THE spectre of the Iraq war is hanging heavy over Keir Starmer today. The Prime Minister opposed that act of criminal aggression at the time, at least in part because he knew that Tony Blair was acting in flagrant violation of international law in invading a sovereign state to change its regime.
Yet today, Starmer is clearly flirting with committing the same crime in relation to Iran. Israeli officials have made it abundantly clear that their bombing campaign aims at overthrowing the regime in the Islamic Republic.
Whatever view one holds of that government, and the pages of this paper have always been open to its principled opponents, it is a matter for the Iranian people alone to change it.
Nor can it be argued with a straight face that Iran is menacing Britain with attack. There is no such threat.
One difference between 2003 and today is that Starmer appears to have been supplied with unvarnished legal advice spelling out the lawlessness of any British participation in attacking Iran.
In the run-up to the Iraq war, then attorney-general Lord Goldsmith allowed Downing Street to browbeat him into agreeing that UN authority, which was not forthcoming, was unnecessary before invading.
His present-day successor, Richard Hermer, is understood to have told Starmer that for Britain to do anything beyond protecting allies from attack would breach international law.
That ought to be the end of the matter, but here the continuities with 2003 take over.

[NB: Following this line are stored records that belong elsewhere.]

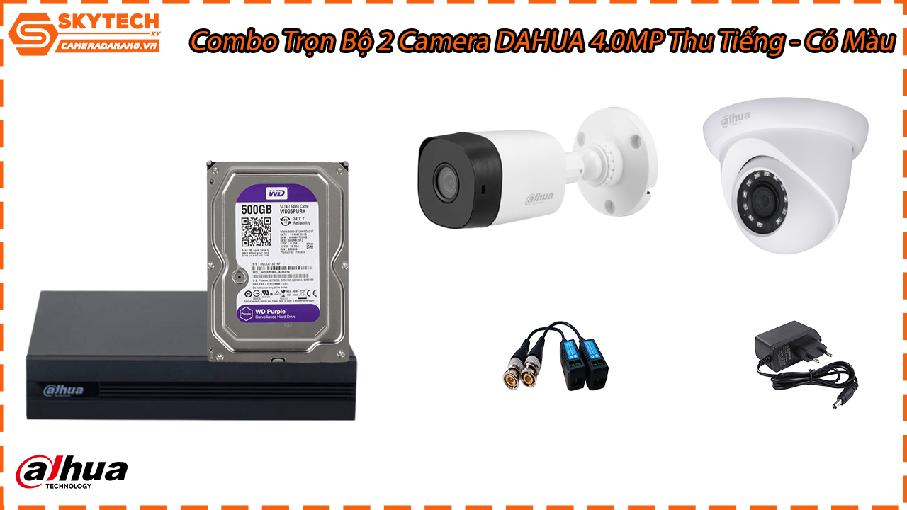 Combo Trọn Bộ 2 Camera Dahua 4.0MP – Thu Tiếng – Có Màu gồm những gì?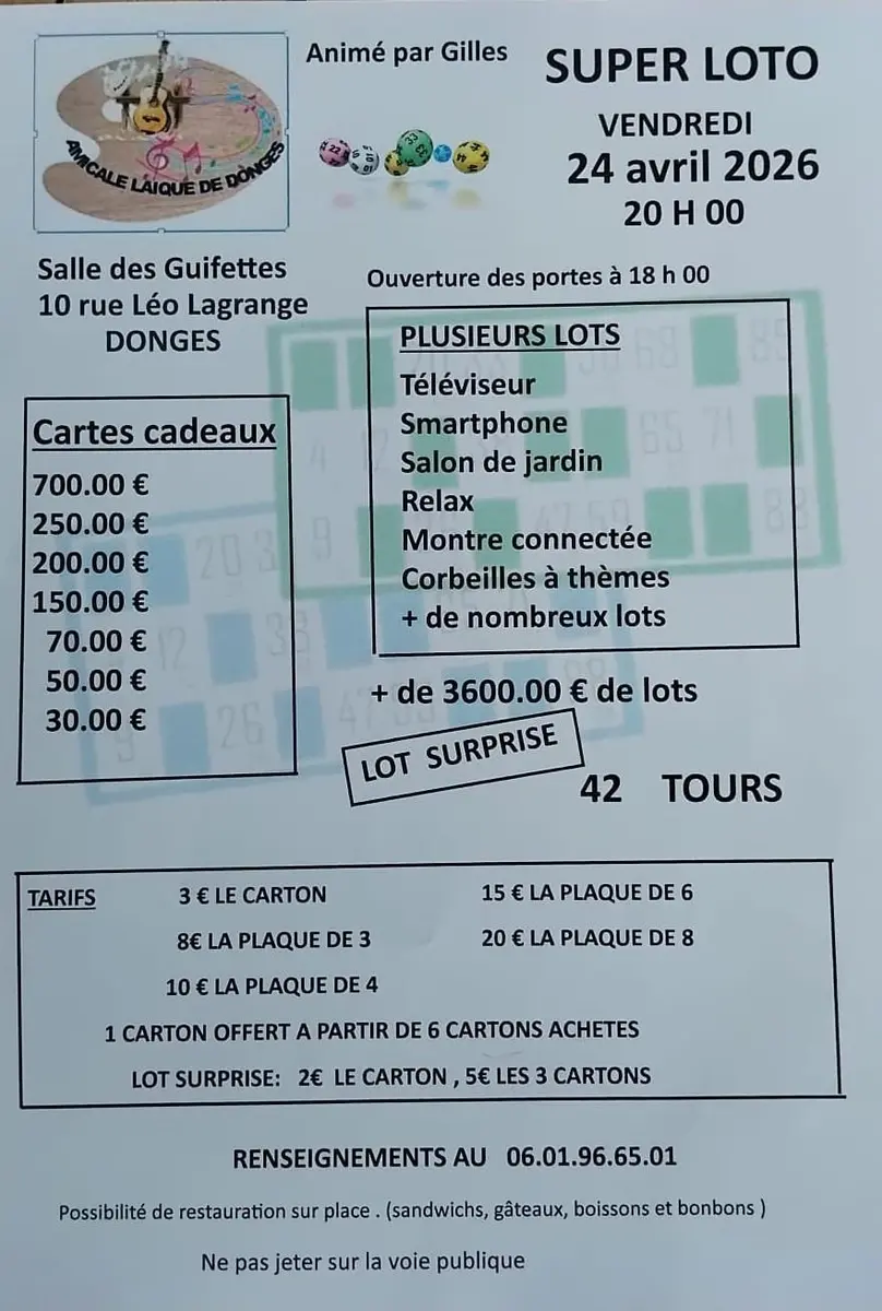 Vendredi 24 avril 2026 de 20h00 à 00h00. Salle des Guifettes, 10, rue Léo-Lagrange, Donges. Payant. Inscription avant le mercredi 22 avril. Contact : 0601966501.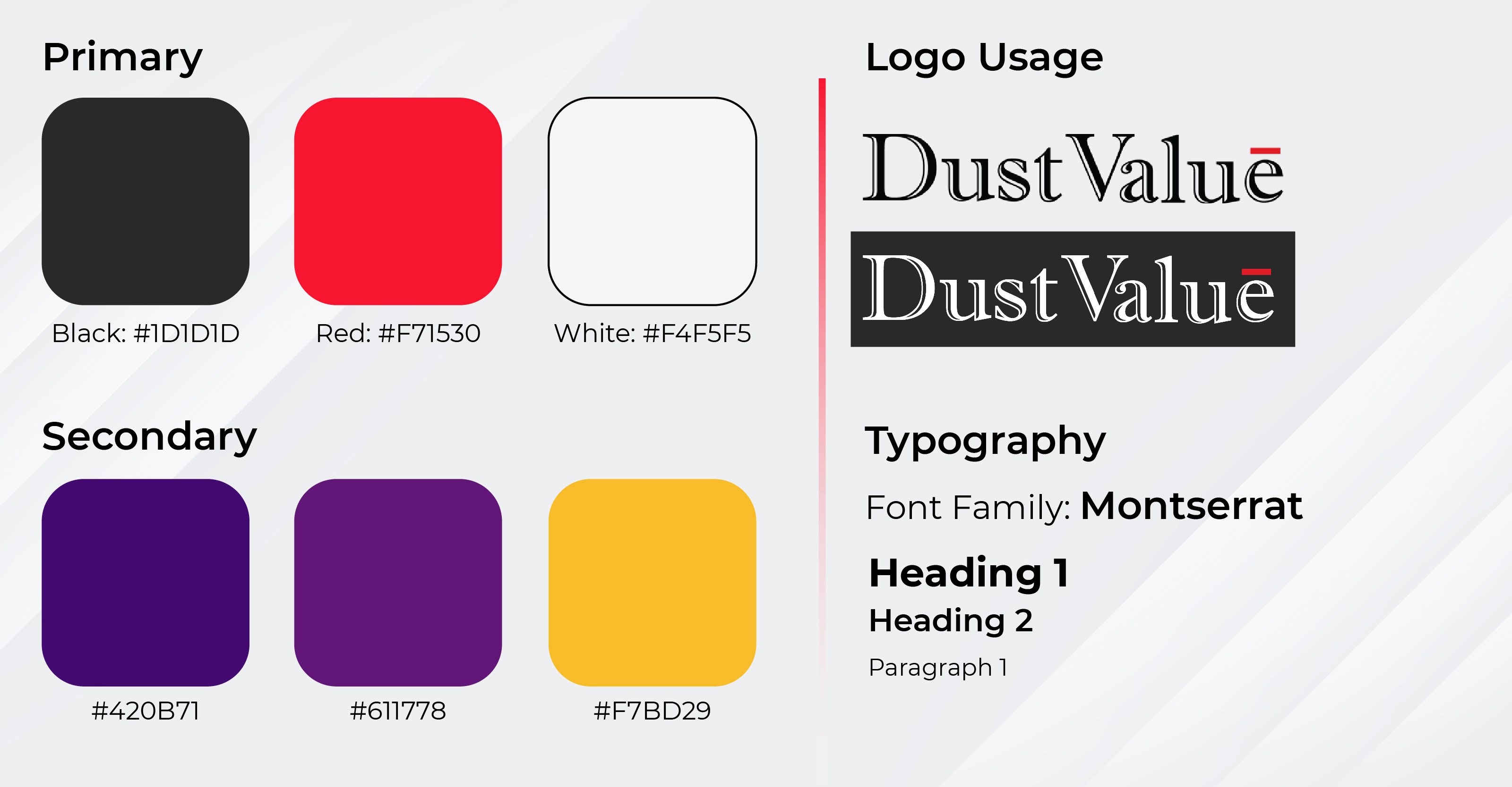 Talking about our logo, it is the visual cornerstone of the Dust Value brand. We maintain a consistent and respectful use of our logo, which is vital for reinforcing our brand identity.

Above all, we have a Labour Prime Minister desperate to keep in with a belligerent administration in Washington.
If Trump does decide to join in Netanyahu’s barbarous onslaught on Iran, he may well ask for British assistance. Indeed, London would have to sanction the use of the British base in Diego Garcia, home to the bombers the US would likely deploy.

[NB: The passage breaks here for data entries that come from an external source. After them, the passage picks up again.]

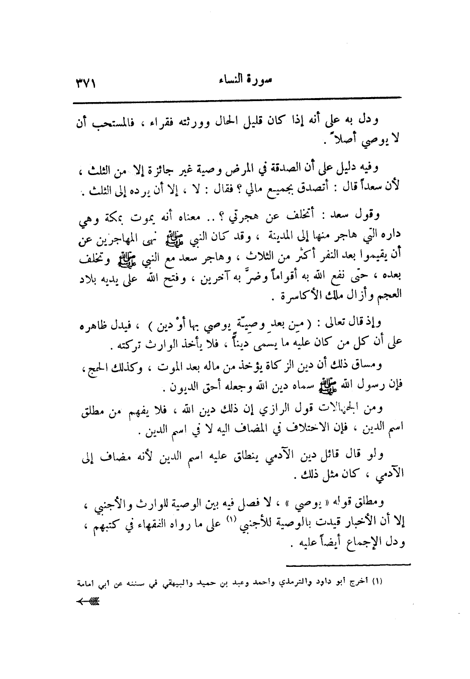 (1) أخرج أبو داود والترمذي وأحمد وعبد بن حميد والبيهقي في سننه عن أبي أمامة الباهلي قال: سمعت رسول الله صلّى الله عليه وسلم في حجة الوداع في خطبته يقول: ان الله أعطى كل ذي حق حقه، فلا وصية لوارث، راجع فتح الباري في هذا الباب.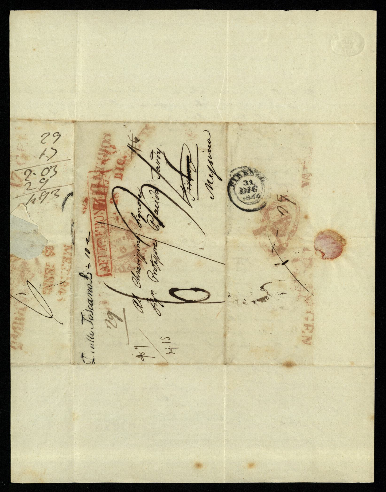 Descrizione: Bifolio, indirizzo, tracce di ceralacca e timbri postali a tergo
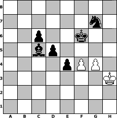 game notation in PGN-format [Event "Schach im Fr"] [Site "www.myChess.de"] [Date "2009.04.06"] [Round "1"] [White "sel"] [Black "beowulf"] [ECO "D10"] [WhitemyELO "1353"] [BlackmyELO "1358"] [Result "0-1"] [TimeControl "10/864000"] [WhiteDays "10"] [BlackDays "10"] [MyChessNo "54589"] 1. d4 d5 2. c4 c6 3. c5 Nd7 4. b4 e5 5. Bb2 e4 6. Bc1 h6 7. f3 f5 8. f4 Ngf6 9. e3 b6 10. h3 bxc5 11. bxc5 Rb8 12. Qa4 Qc7 13. Ba6 Be7 14. Ba3 O-O 15. Ne2 Bxa6 16. Qxa6 Rb7 17. O-O Rfb8 18. Nbc3 Kf7 19. Na4 Rg8 20. Rab1 Rxb1 21. Rxb1 Rb8 22. Nec3 Rxb1+ 23. Nxb1 g5 24. g3 Nb8 25. Qe2 Ke6 26. Nbc3 g4 27. hxg4 Nxg4 28. Bb2 Qd8 29. Nd1 h5 30. Nf2 Qg8 31. Nxg4 fxg4 32. Qh2 Qh8 33. Bc3 h4 34. Be1 h3 35. Kh1 Na6 36. a3 Qb8 37. Qb2 Qc8 38. Kh2 Bd8 39. Qf2 Kf5 40. Qb2 Nc7 41. Nc3 Ne6 42. Ne2 Bc7 43. a4 Ng7 44. a5 Qa6 45. Qa2 Qd3 46. Bf2 Bxa5 47. Ng1 Bd2 48. Qxa7 Kf6 49. Qd7 Qf1 50. Nxh3 gxh3 51. Qxh3 Qxf2+ 52. Qg2 Qxg2+ 53. Kxg2 Bxe3 54. Kh3 Bxd4 55. g4 Bxc5 0-1 position notation in FEN-format 8/6n1/2p2k2/2bp4/4pPP1/7K/8/8 - - - 0 56 Captured white pieces: Captured black pieces: Click on a captured piece in order to display the desired move!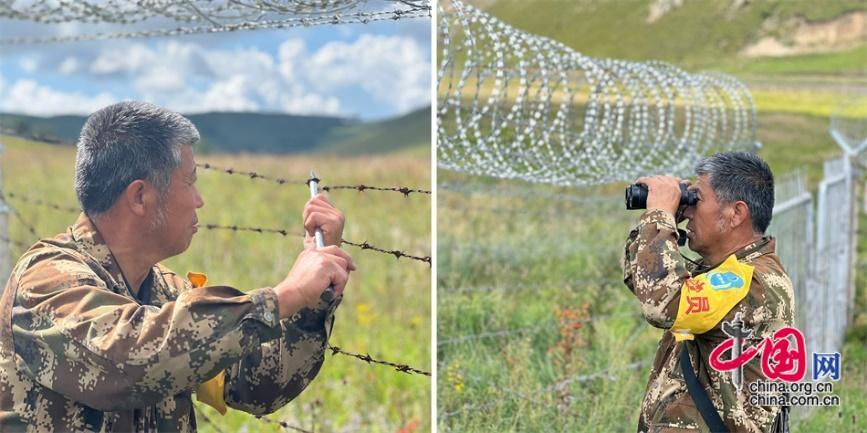 巡邊時(shí),王玉發(fā)拿著望遠(yuǎn)鏡眺望遠(yuǎn)方,看到松動(dòng)的鐵絲網(wǎng),用鉗子和錐子加固。中國(guó)網(wǎng)記者 吳佳潼 攝

Nothing we know about Starmer suggests he would be inclined to turn down such a request from Trump, whose capacity for resentment at being thus snubbed could easily doom the fragile Anglo-US trade deal.
Moreover, Starmer has already proved that his support for international law is strictly contingent, as he has consistently failed to call out the manifold and egregious violations carried out by Israel in Gaza on a daily basis.

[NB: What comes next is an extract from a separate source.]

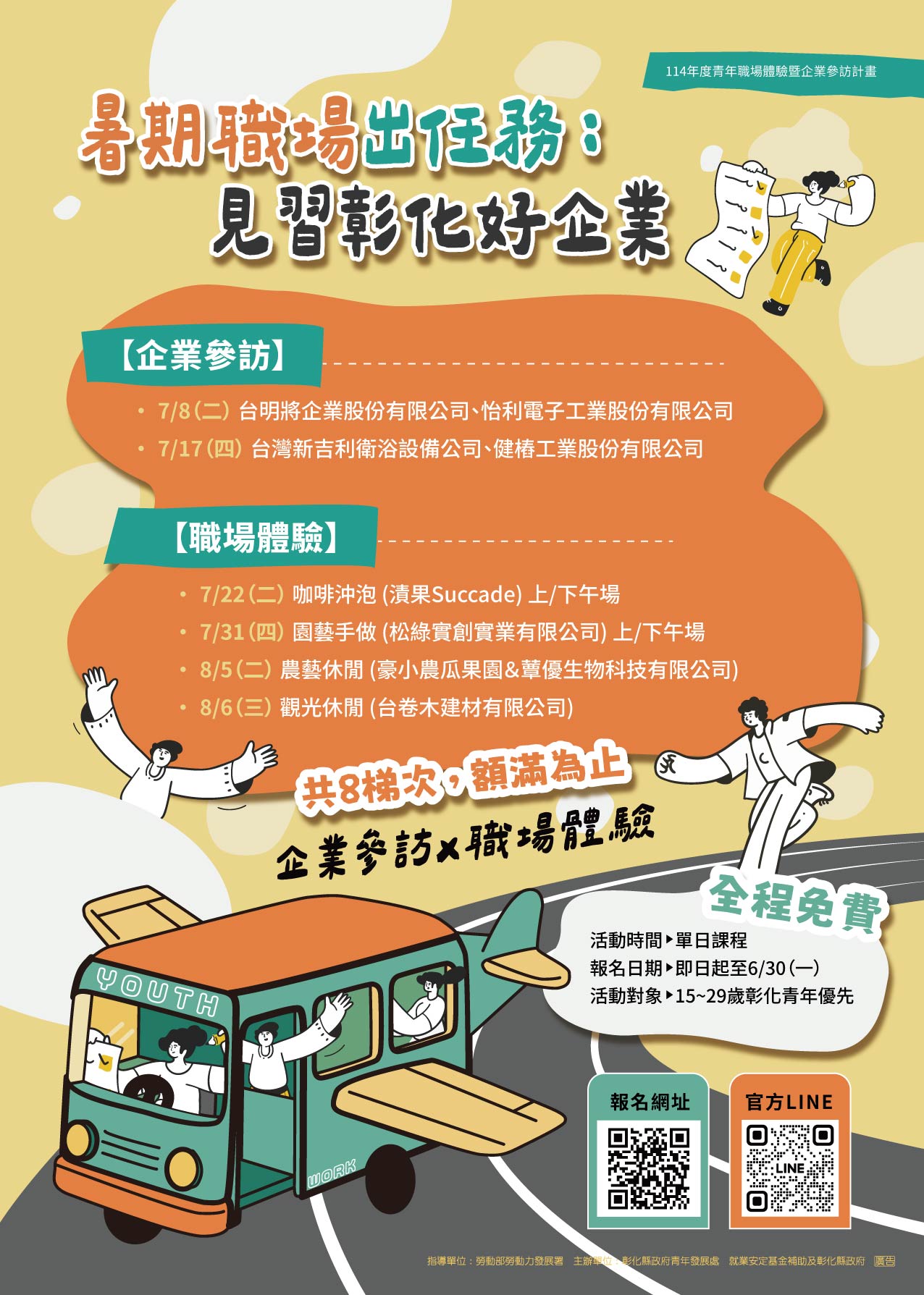 (轉知)114年「暑期職場出任務:見習彰化好企業」活動

International law is for others, not the US and its warmongering allies, it seems.
Already, Britain is dipping its toe — or even a whole leg — in the waters of war, despite the government’s stated preference for a diplomatic resolution.
In a masterpiece of Orwellian double-speak, Defence Secretary John Healey announced the dispatch of more RAF fighters to the region in order to “reinforce the urgent need for de-escalation.”
So Britain escalates in order to … de-escalate. Clearly, the spirit of the “dodgy dossiers” and manufactured “intelligence” which greased the path to war in 2003 is still abroad.
The anti-war movement is right to demand that Britain stays out of the conflict, which means doing nothing to protect Israel from the consequences of its own aggression.
It also means turning down flat any demand from Trump to embroil British forces in the conflict, or to use British bases for his own military intervention.
Opposition to such wars is perhaps the only remaining pledge from among the ten on which Starmer fraudulently secured the Labour leadership in 2020, which he has not already explicitly broken or reversed, although his support for Israel’s genocide in Gaza has long since breached the essence of it.
If he brushes aside Hermer’s warnings against attacking Iran, he will stand damned as a Blair-type war criminal, fit only for The Hague tribunal.